Once the spec is locked, fromSpec derives the architecture from it: the data model, entity relationships, and the API surface. Only then does it generate the interactive preview. The reason is fidelity. A prototype rendered before the data model exists is just decoration: pretty screens with no relationship to what the code will actually do. A prototype rendered from a real ER model and route map is a faithful proxy. The forms map to real entities, the navigation maps to real flows. When you approve that preview, you're approving something the generated code will actually match.
So the pipeline reads: lock what (spec), derive how (architecture), see it (preview), build it (code). Each stage narrows the space the next one operates in.
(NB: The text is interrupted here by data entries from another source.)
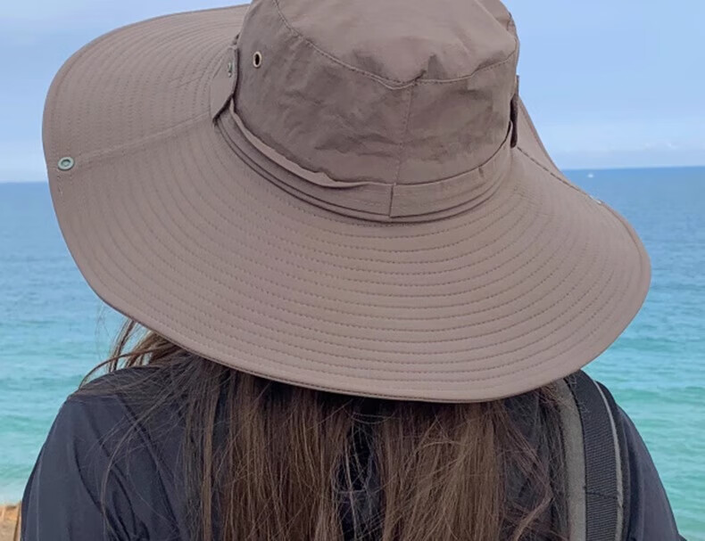 Memaru mountaineering sun hat for men and women, western denim sun hat, fisherman hat, anti-UV sun hat, outdoor fishing hat, khaki 12cm large brim, waterproof and quick-drying, hat circumference (54cm-62cm)
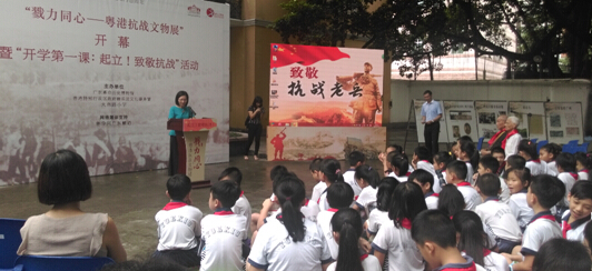 9月1日上午,廣州起義紀念館舉行了“戮力同心——粵港抗戰文物展”開幕暨“開學第一課:致敬抗戰”活動。該館與大南路小學合作,將小學開學第一堂課放到展覽開幕場地。同時,活動請來了東江縱隊老戰士、徐毅平烈士胞弟徐矛、徐耕等,通過教唱抗日歌曲等環節,讓孩子們在開學典禮之日重溫抗戰的苦難歲月,體味自強、團結、犧牲、堅韌的抗戰精神。
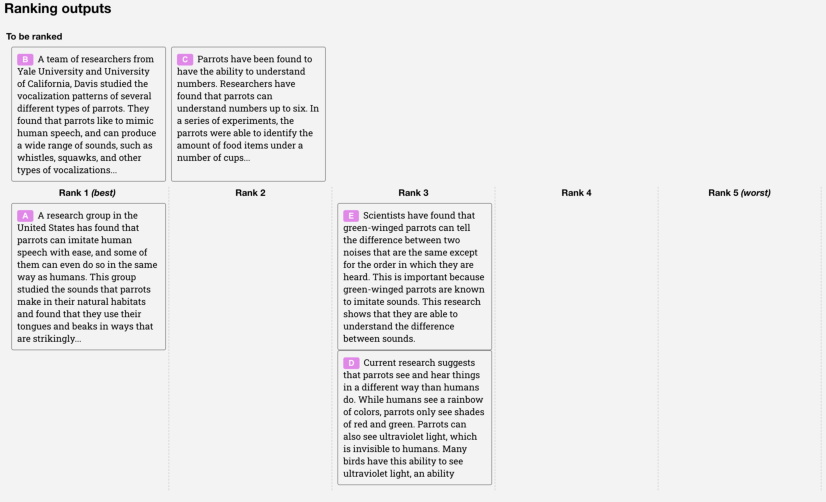 最终的奖励模型是从一个 6B GPT-3 模型初始化的,该模型在各种公共 NLP 数据集(ARC, BoolQ, CoQA, DROP, MultiNLI, OpenBookQA, QuAC, RACE 和 Winogrande)上进行了微调。这主要是出于历史原因;我们发现从 GPT-3 或 SFT 模型初始化 RM 时结果相似。我们在完整的奖励模型训练集(见表 6)上训练了一个 epoch,学习率为 ,采用余弦学习率调度(在训练结束时降至其初始值的 10%),批大小为 64。训练似乎对学习率或调度不太敏感;学习率变化高达 50% 导致性能相似。训练对 epoch 的数量非常敏感:多个 epoch 会迅速导致模型在训练数据上过拟合,验证损失明显恶化。此处的批大小代表每个批次的唯一提示词数量。每个提示词有 到 个标注的补全,从中最多有 个可能的比较。平局被剔除。因此,单个批次最多可包含 个比较。

Human checkpoints where they count
Determinism and automation are not the same thing, and fromSpec is deliberately not autonomous. You approve the spec before anything is derived from it. You approve the preview before a line of application code is generated. Nothing advances on its own. The model proposes, you decide. The checkpoints sit exactly where a wrong assumption is cheap to fix (a spec edit) instead of where it's expensive (a rewrite).
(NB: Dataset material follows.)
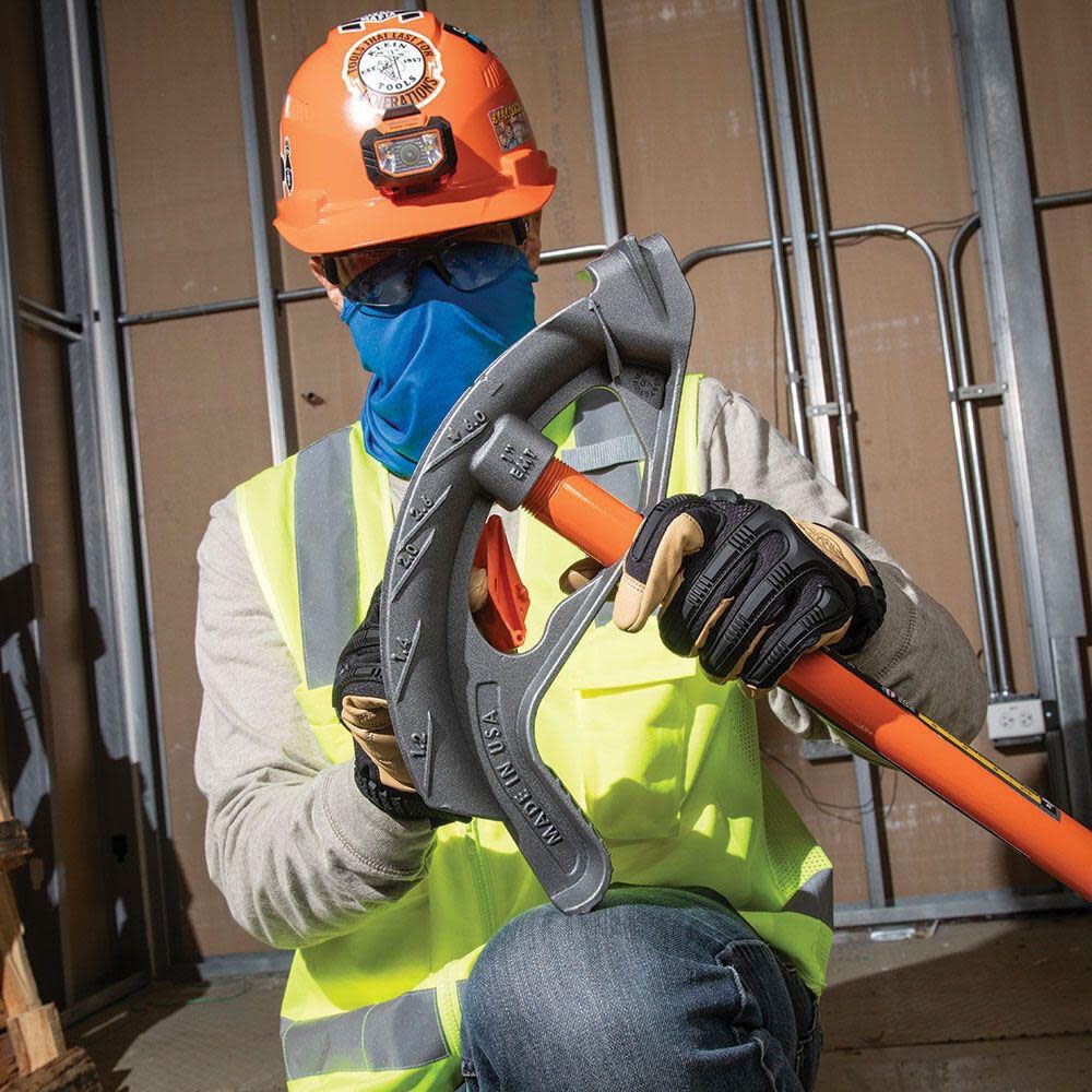 Klein Tools' Conduit Bender Head is designed to handle thin wall EMT up to 3/4-Inch and rigid IMC up to 1/2-Inch thick.

This is the opposite of the agent that runs for twenty minutes and hands you a surprise. The surprises are front-loaded into artifacts you can read.
Code as a compiled artifact
When generation runs, you get a real project in a real stack: FastAPI, React (Vite), and PostgreSQL, or Next.js, with database models, API routes, frontend pages, and capability modules (auth, payments, email) wired in. Architecture, ER, and API documentation are available alongside it, and the project ships with Docker and CI/CD scaffolding so docker compose up gives you a running app. You can push the generated code straight to your own GitHub repo.
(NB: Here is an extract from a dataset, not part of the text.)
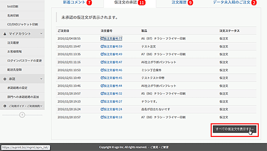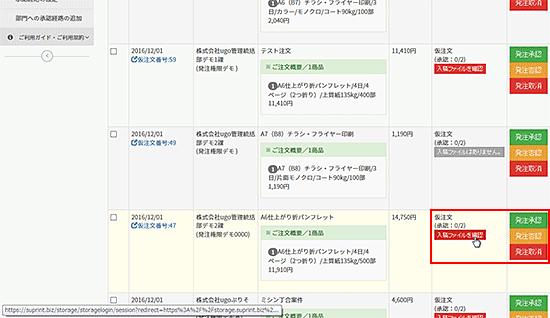 各注文の商品概要の一覧・ご注文金額・入稿データの有無、承認処理ボタンの一覧が表示されます。

There's no runtime dependency on fromSpec. The output is a normal codebase you own and maintain. fromSpec compiled it. It doesn't host it, gate it, or sit in its request path. If you walked away tomorrow, your app would keep running.
What determinism buys you
Three things:
- Reviewability. The unit of review is a structured spec and an architecture you can read, not an opaque code dump. Stakeholders align on the spec before money is spent on code.
- Predictable cost. Generation is scoped per stage against a fixed input, so you're not paying for open-ended regeneration loops. The spend tracks the work, not the model's mood.
- Less drift, safer iteration. Requirements are pinned in the spec before code exists, and you iterate by editing the spec and regenerating from it, not by re-prompting and hoping the model preserves what you liked.
Prompt-to-code asks the model to be an oracle. fromSpec asks it to be a compiler stage. Oracles are exciting in the demo and exhausting in the maintenance window. A compiler is boring, and boring is exactly what you want standing between an idea and the code you'll live with.